RECORDS FOR THE TASK:
BEGIN

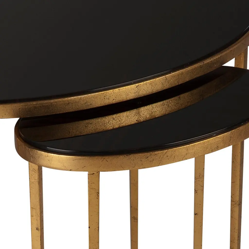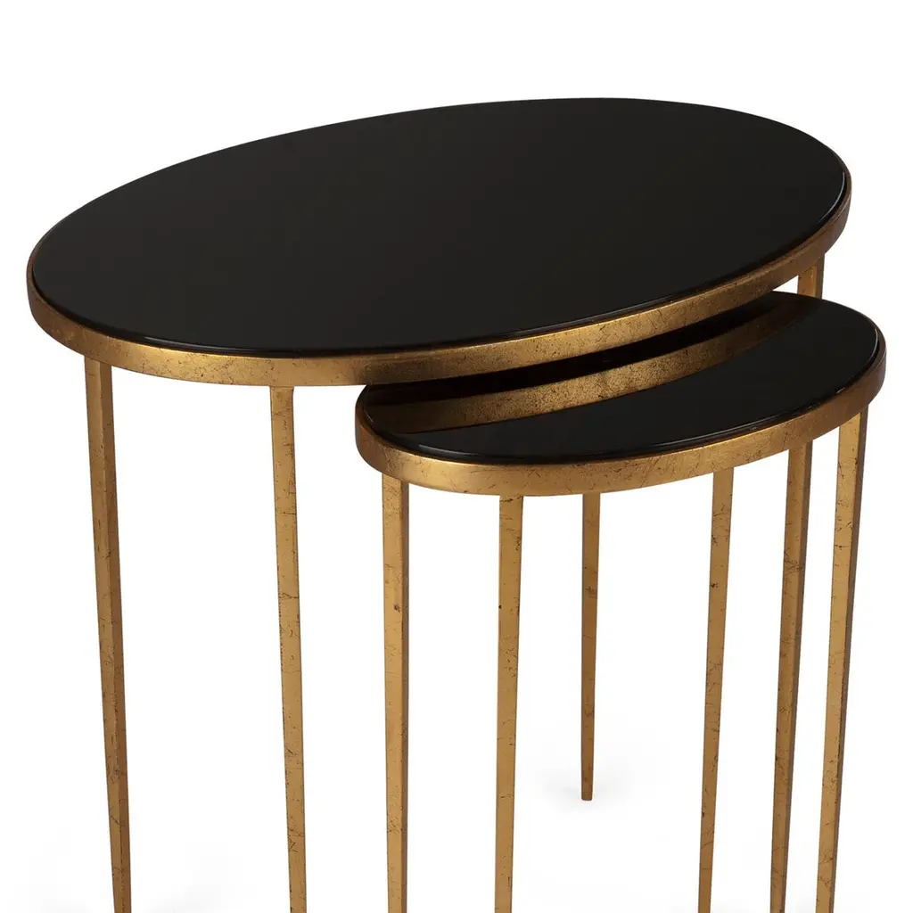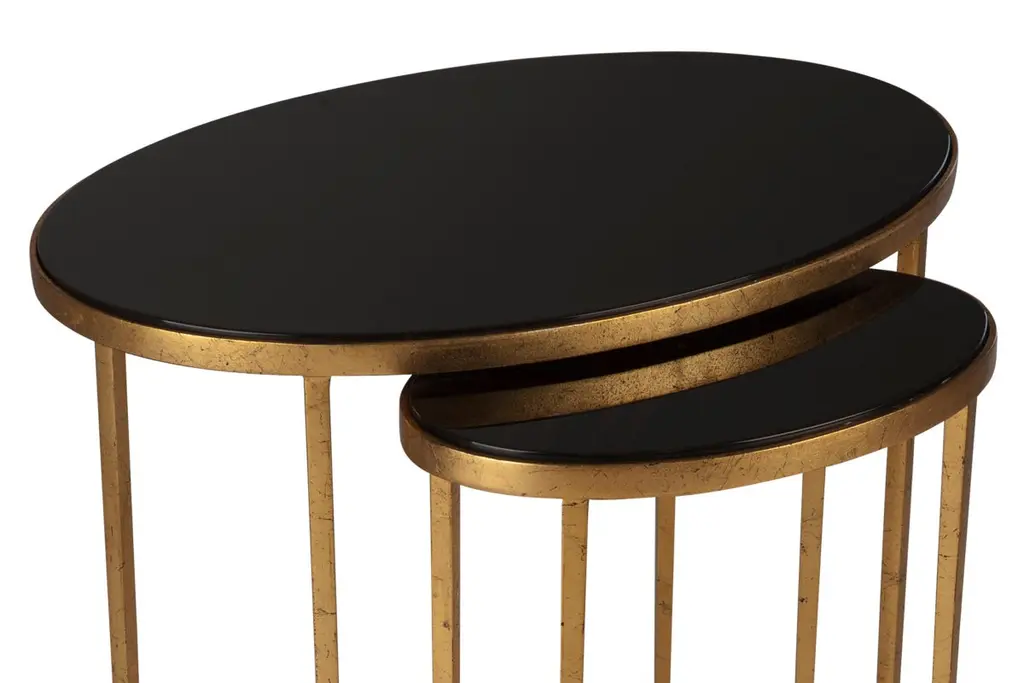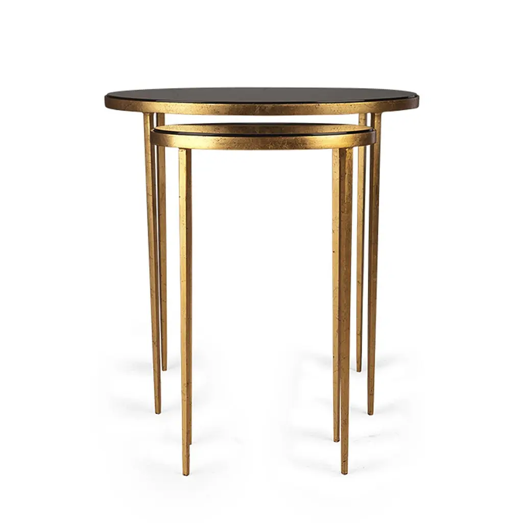 Nesting table St Louis set of 2 with structure inforged iron painted in antique gold finish. Withveneered ebony top.
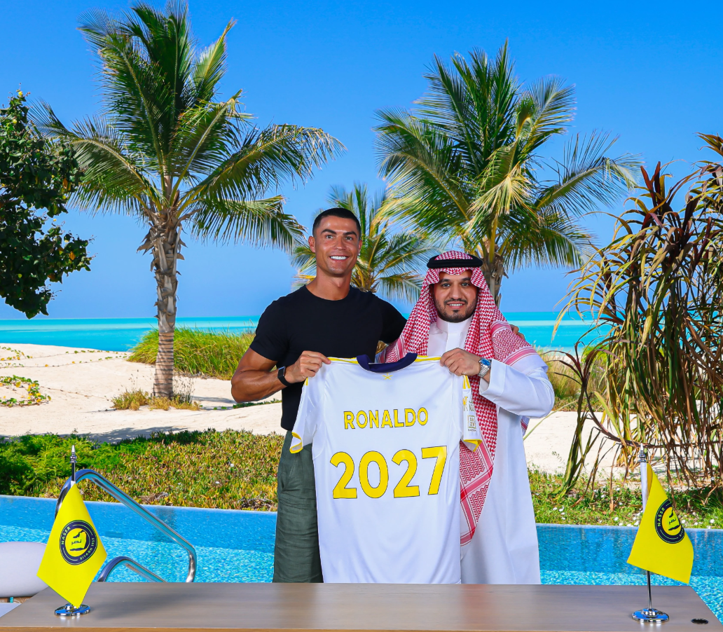 ثم نشر النصر صورة تجمع بين عبد الله بن عبدالرحمن الماجد رئيس النادي ورونالدو وهما يحملان قميص الدون مكتوب عليه 2027، للإعلان عن تجديد عقد قائد البرتغال لمدة موسمين.
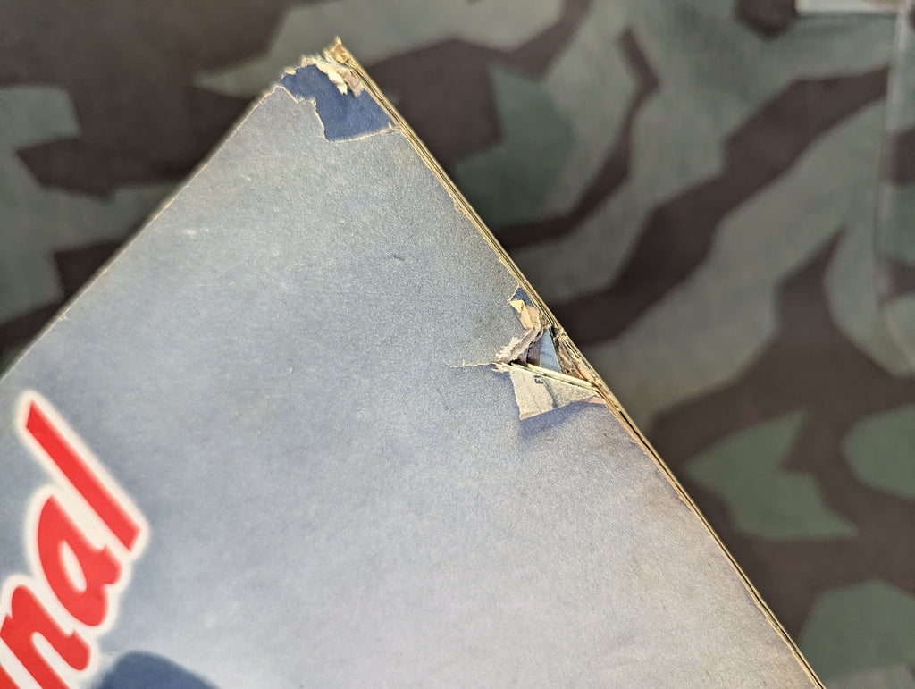 Original March 2 1942 Signal magazine in German. Another nice issue of Signal with a number of good color pictures and lots of good ads. OK condition. Some tearing and a gouge on one side that goes into several pages. The color centerfold is actually still attached, which seems to be a rare treat. There isn't anything particularly earthshattering in this issue but I did find many of the pictures to be very good. The color photos, although there aren't many, are very nice.
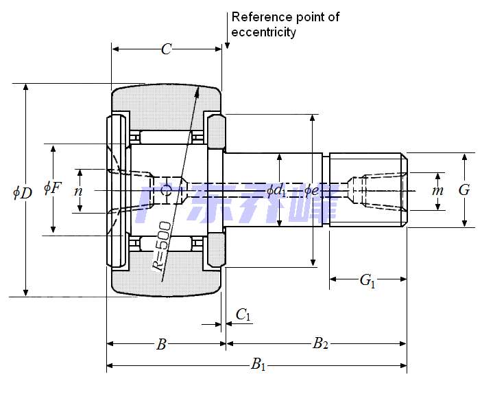 | 凸輪從動(dòng)螺柱式滾輪軸承 - 球面外圈,KRU型 - 尺寸 | |
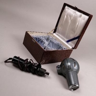 Lámpara oftalmológica. Alemania, años 50. Estructura de metal laqueado. Con mango desmontable y estuche de madera con acabado piel de cocodrilo.
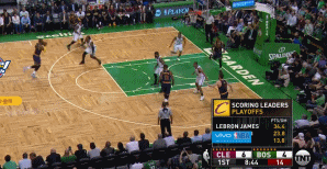 本場比賽,塞爾提克的防守在James面前形同虛設,僅僅上半場他就得到23分,提前兩節讓比賽失去懸念。最終,他24次出手14球命中,貢獻38分9個籃板7次助攻2次抄截,而且只有2次失誤。

END

Exclude all pictures and reproduce verbatim the lines running from the line that contains "Original March 2" to the end of the data above, both ends included.

 Original March 2 1942 Signal magazine in German. Another nice issue of Signal with a number of good color pictures and lots of good ads. OK condition. Some tearing and a gouge on one side that goes into several pages. The color centerfold is actually still attached, which seems to be a rare treat. There isn't anything particularly earthshattering in this issue but I did find many of the pictures to be very good. The color photos, although there aren't many, are very nice.
 | 凸輪從動(dòng)螺柱式滾輪軸承 - 球面外圈,KRU型 - 尺寸 | |
 Lámpara oftalmológica. Alemania, años 50. Estructura de metal laqueado. Con mango desmontable y estuche de madera con acabado piel de cocodrilo.
 本場比賽,塞爾提克的防守在James面前形同虛設,僅僅上半場他就得到23分,提前兩節讓比賽失去懸念。最終,他24次出手14球命中,貢獻38分9個籃板7次助攻2次抄截,而且只有2次失誤。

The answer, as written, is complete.